Find the smallest number which leaves remainders 8 & 12 when divided by 28 & 32 respectively.

Answer 1

Hint: In this question use the Euclid's division lemma which is written as Dividend = divisor multiplied by quotient + remainder.

Complete step-by-step answer:

Firstly we will calculate the smallest number which when divided by 28 and 32 gives remainder 0.

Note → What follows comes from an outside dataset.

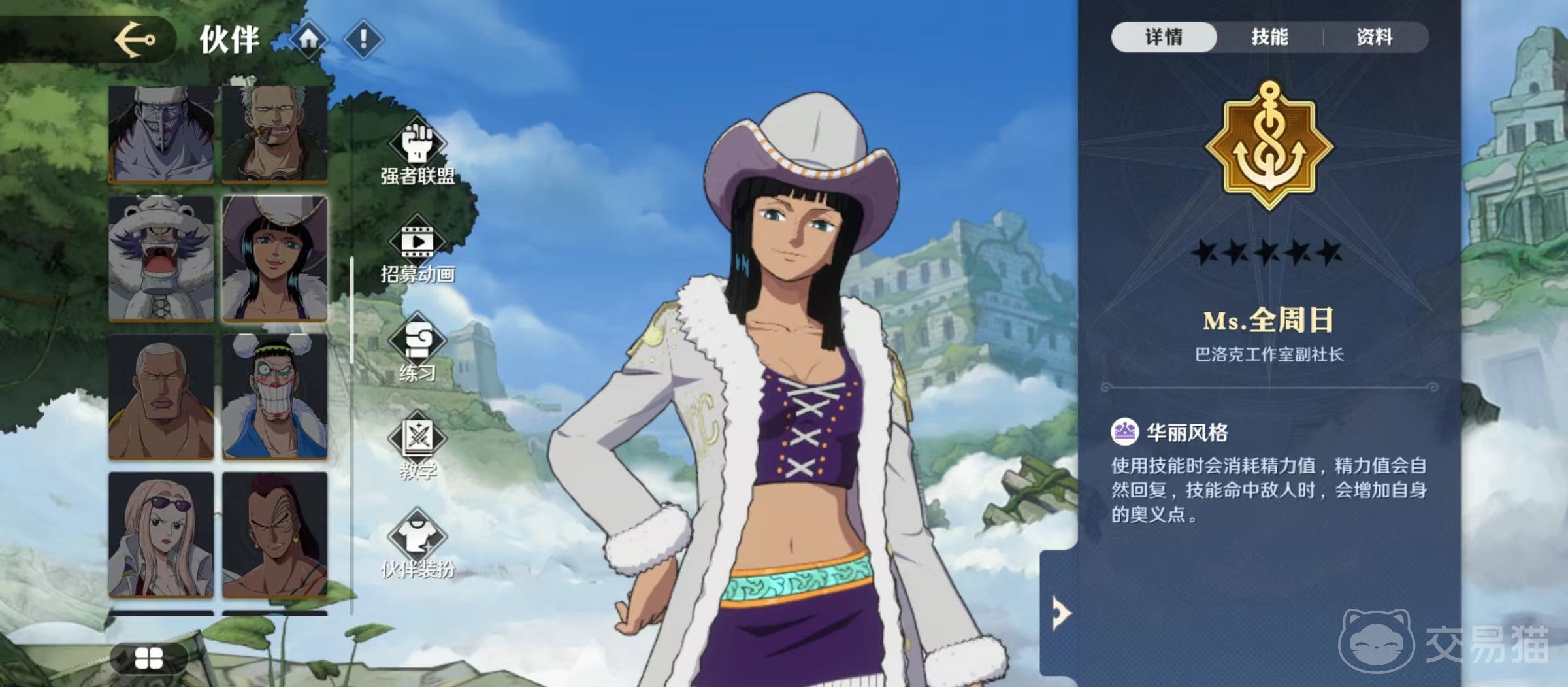 当大家进入游戏后,在伙伴列表中找到全周日,这就是大家所熟悉的罗宾,他是巴洛克工作室副社长。自身属于华丽风格的角色使用技能会消耗精力值,然后自动恢复精力值,命中敌人后会增加奥义点。作为花朵之果的能力者,身体任何部位都能像花一样绽放。被动技能是花花之,每相邻两次攻击连续触发精力回复时,回复效果提升100%,并出现蓝色提示特效。普攻5段命中敌人时,能恢复10点,触发被动时回复20点。

For this we need to find the LCM of 28 and 32 first:
\[28 = {2^2} \times 7\]
$32 = {2^5}$
So, LCM ${2^5} \times 7 = 224$

Now by Euclid's division lemma:
Dividend = divisor multiplied by quotient + remainder
$
  224 = 28 \times 8 + 0 \\
   \Rightarrow 224 = 224 + 0 \\
$
Because we want remainder as 8 therefore we can write above result as:
$ \Rightarrow 224 = 216 + 8$
$
   \Rightarrow 224 = \left( {28 \times 8 + 20} \right) + 8 \\
   \Rightarrow 224 - 20 = 28 \times 7 + 8 \\
$

Consider above equation as first equation
Similarly,
$224 = 32 \times 7 + 0$
$ \Rightarrow 224 = 224 + 0$
Because we want a remainder as 12 therefore we can write above result as:
$ \Rightarrow 224 = 212 + 12$
$
   \Rightarrow 224 = \left( {32 \times 6 + 20} \right) + 12 \\
   \Rightarrow 224 - 20 = 32 \times 6 + 12 \\
$
Consider above equation as second equation
Next step is, now observe both the equation first and second and we conclude that:
LHS of both the equations are equal.
Divisors are 28 & 32, as required.
Remainder are also the required number 8 & 12.
So the smallest dividend $224 - 20 = 204$
Hence 204 is the required answer.

Note: Whenever such a type of question comes try to find the common factors of given numbers for this we need to calculate the LCM after that we will apply the Euclid's division lemma so that we can get the smallest number which when divided by 28 & 32 leaves the remainder 8 & 12.